Peripheral endothelial dysfunction in myalgic encephalomyelitis/chronic fatigue syndrome, 2020, Scherbakov et al

Andy

Retired committee member
Aims

Myalgic encephalomyelitis/chronic fatigue syndrome (ME/CFS) is a complex multisystem disease. Evidence for disturbed vascular regulation comes from various studies showing cerebral hypoperfusion and orthostatic intolerance. The peripheral endothelial dysfunction (ED) has not been sufficiently investigated in patients with ME/CFS. The aim of the present study was to examine peripheral endothelial function in patients with ME/CFS.

Methods and results
Thirty‐five patients [median age 40 (range 18–70) years, mean body mass index 23.8 ± 4.2 kg/m2, 31% male] with ME/CFS were studied for peripheral endothelial function assessed by peripheral arterial tonometry (EndoPAT2000). Clinical diagnosis of ME/CFS was based on Canadian Criteria.

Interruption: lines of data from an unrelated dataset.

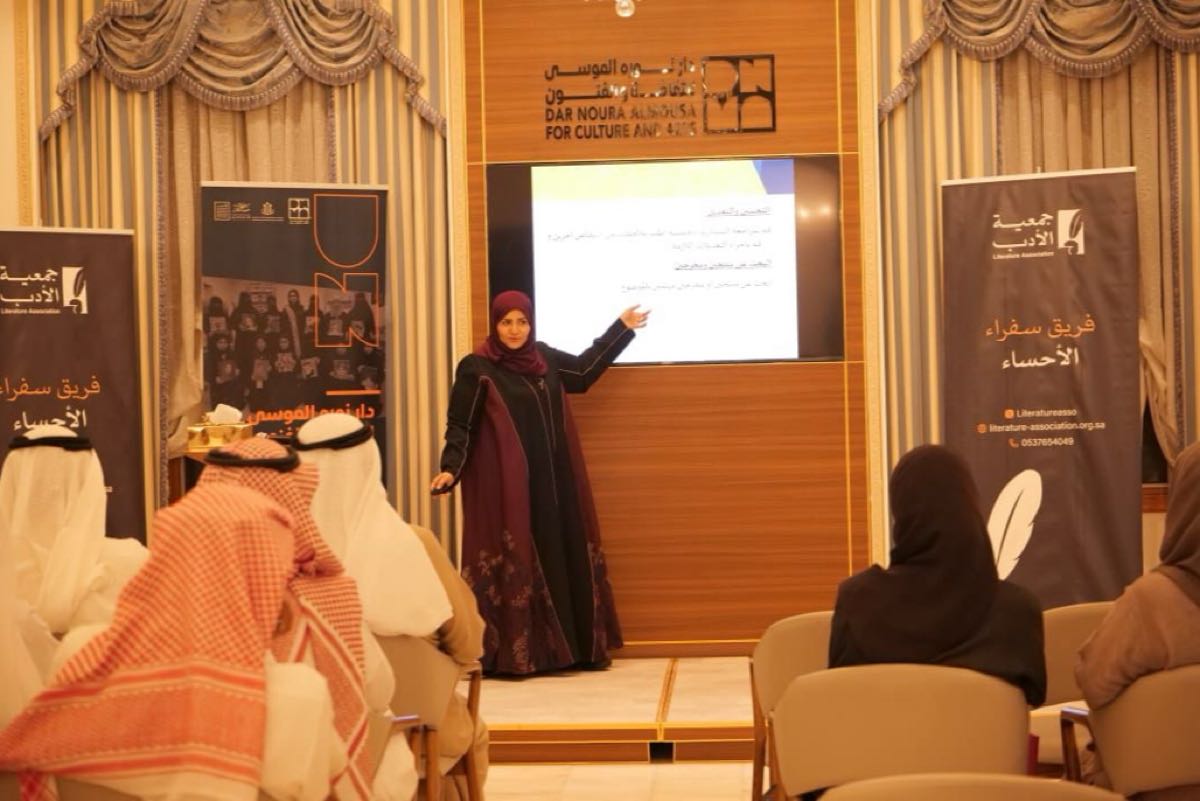 تحت عنوان ”تحويل النص الأدبي إلى عمل درامي“، أقامتْ جمعية الأدب المهنية ورشة تدريبية تثقيفية عبر سفرائها لهذا العام 2024 2025 م، في ليلة من ليالي الأحساء المثقّفة المبدعة، والتي أقيمت في دار نورة الموسى للثقافة والفنون.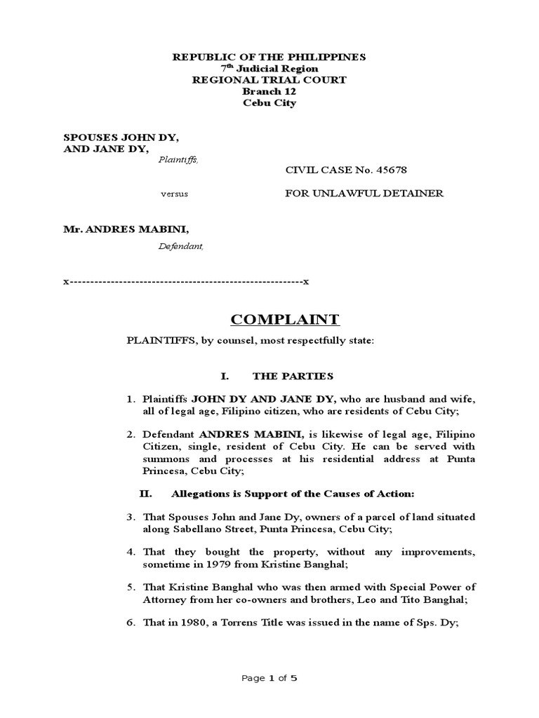 Included on this page are forms for filing civil complaints, private criminal complaints and notices of settlement when cases are privately. The plaintiff is the person(s) filing the claim. Filing a case in small claims court requires specific forms to outline your dispute and notify the other party. All complaints are filed by the first filing unit, 1339 chestnut street,.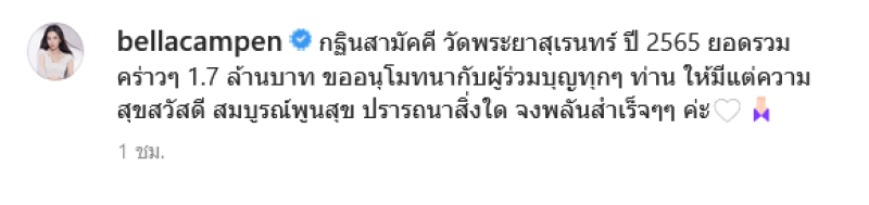 ทั้งนี้ สาวเบลล่าก็ถือว่าเป็นอีกหนึ่งคนที่ชอบทำบุญอยู่บ่อยๆ อย่างล่าสุดก็ได้เป็นเจ้าภาพทอดกฐินที่ วัดพระยาสุเรนทร์ โดยได้โพสต์ในอินสตาแกรมระบุว่า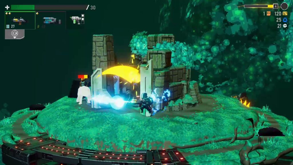 本作はローグライクゲームであり、プレイのたびに武器や敵の配置が異なるステージで遊ぶことができる。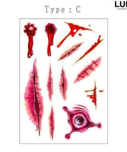 血のりや傷跡など5種類から選べる特殊メイクタトゥーシール。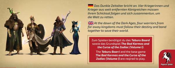 Dies ist kein Grundspiel. Zum Spielen werden das Teburu Board und das Grundspiel The Bad Karmas and the Curse of the Zodiac Vol. 1 benötigt. Zum Spielen von TBK ist eine kostenlose digitale App erforderlich (deutsche Version verfügbar).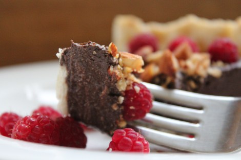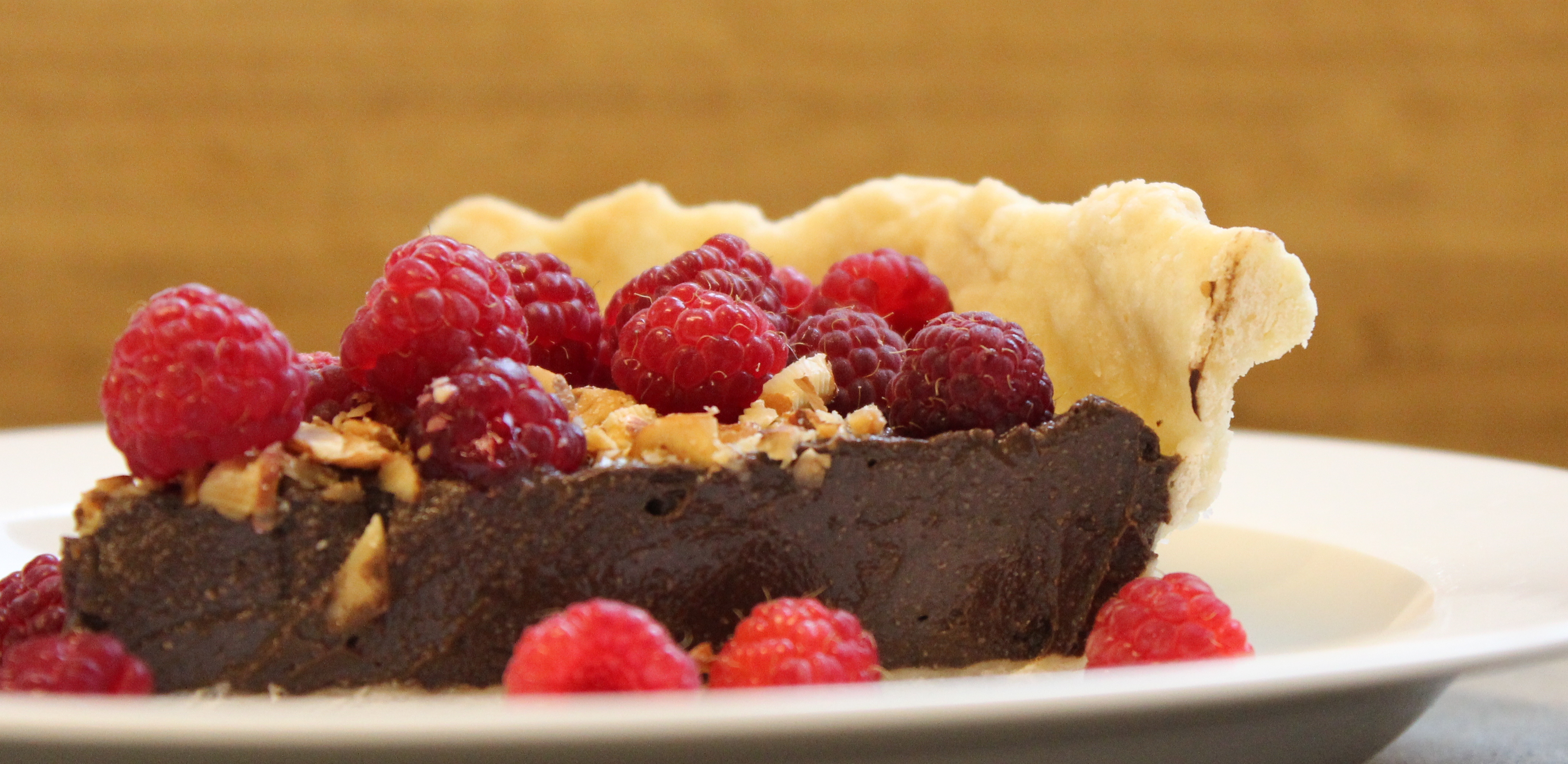 Here, dark chocolate presents itself in a fudge-like mousse. Each forkful is the perfect combination of tender, flaky crust, creamy chocolate, crunchy toasted almonds, and tangy raspberries. Despite its indulgent taste, the mousse filling is fairly guilt-free. For a lighter dessert, serve the mousse in ramekins. You can also reduce the sugar by at least half. For a more decadent and rich dessert, leave out the tofu in the last step. This will reduce the amount of pudding, so plan on using an 8″ pan. Also, without the tofu, the pudding will congeal on top unless covered. Place a piece of plastic wrap over the pie and press against the top of the pudding so no air can reach it. After the filling is set, take a large metal spoon, warm under hot water, and smooth out any wrinkles left from the plastic wrap. If using the tofu, you don’t need to cover it or worry about smoothing out wrinkles. This is on the low side for the amount of filling, so if you’re making a 9″ pie, you should be able to use 150% of this recipe and get most, if not all, of the filling in.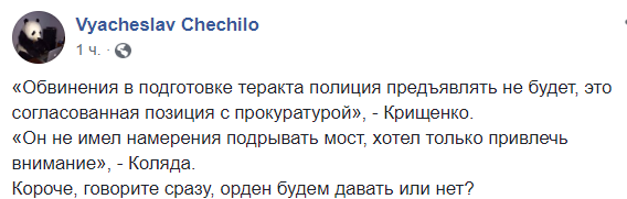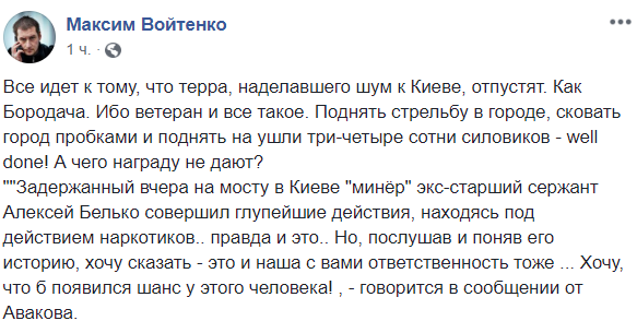 "Все идет к тому, что терра, наделавшего шум к Киеве, отпустят. Как Бородача. Ибо ветеран и все такое. Поднять стрельбу в городе, сковать город пробками и поднять на ушли три-четыре сотни силовиков - well done! А чего награду не дают?", - пишет одесский журналист Максим Войтенко.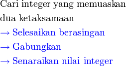 Gabungkan ketaksamaan berikut dan senaraikan semua integer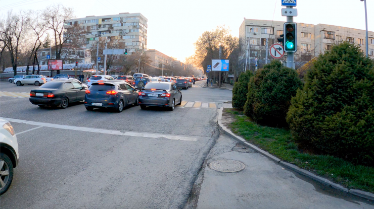"Перед Манаса нужно убрать крайнюю правую полосу, которая появляется за 30 метров до перекрестка. До перекрестка три полосы прямо. После перекрестка - две полосы прямо. Из-за этой третьей полосы автомобили выезжают прямиком на велополосу и едут по ней, образуя пробку на перекрестке.
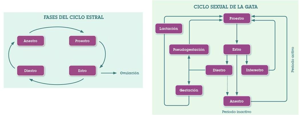 - Tras el parto: la gata puede atender la lactación junto a una nueva gestación (recupera el ciclismo a las 48 horas del parto o, si es época, entrará en anestro estacional).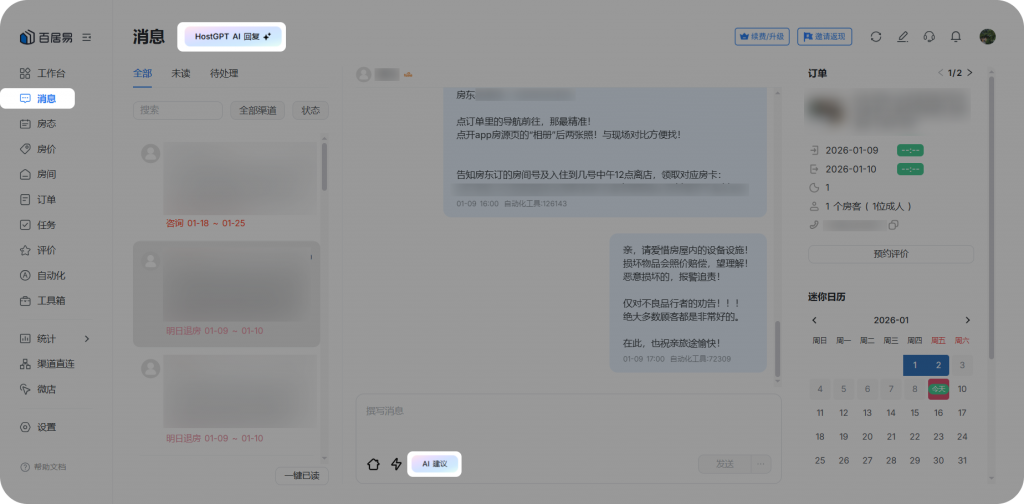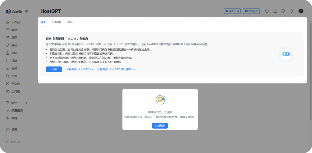 在百居易网页版5.0.0版本中,我们正式推出了全天候自动回复AI助手HostGPT,配合一系列专业级管理功能,助力房东实现从全方位的智能管理。

Nine of these patients with elevated antibodies against β2‐adrenergic receptor underwent immunoadsorption, and endothelial function was measured at baseline and 3, 6, and 12 months follow‐up. ED was defined by reactive hyperaemia index ≤1.81. Twenty healthy subjects of similar age and body mass index were used as a control group.

Peripheral ED was found in 18 of 35 patients (51%) with ME/CFS and in 4 healthy subjects (20%, P < 0.05). Patients with ED, in contrast to patients with normal endothelial function, reported more severe disease according to Bell score (31 ± 12 vs. 40 ± 16, P = 0.04), as well as more severe fatigue‐related symptoms (8.62 ± 0.87 vs. 7.75 ± 1.40, P = 0.04) including a higher demand for breaks [9.0 (interquartile range 7.0–10.0) vs. 7.5 (interquartile range 6.0–9.25), P = 0.04]. Peripheral ED showed correlations with more severe immune‐associated symptoms (r = −0.41, P = 0.026), such as sore throat (r = −0.38, P = 0.038) and painful lymph nodes (r = −0.37, P = 0.042), as well as more severe disease according to Bell score (r = 0.41, P = 0.008) and symptom score (r = −0.59, P = 0.005).

There were no differences between the patient group with ED and the patient group with normal endothelial function regarding demographic, metabolic, and laboratory parameters. Further, there was no difference in soluble vascular cell adhesion molecule and soluble intercellular adhesion molecule levels.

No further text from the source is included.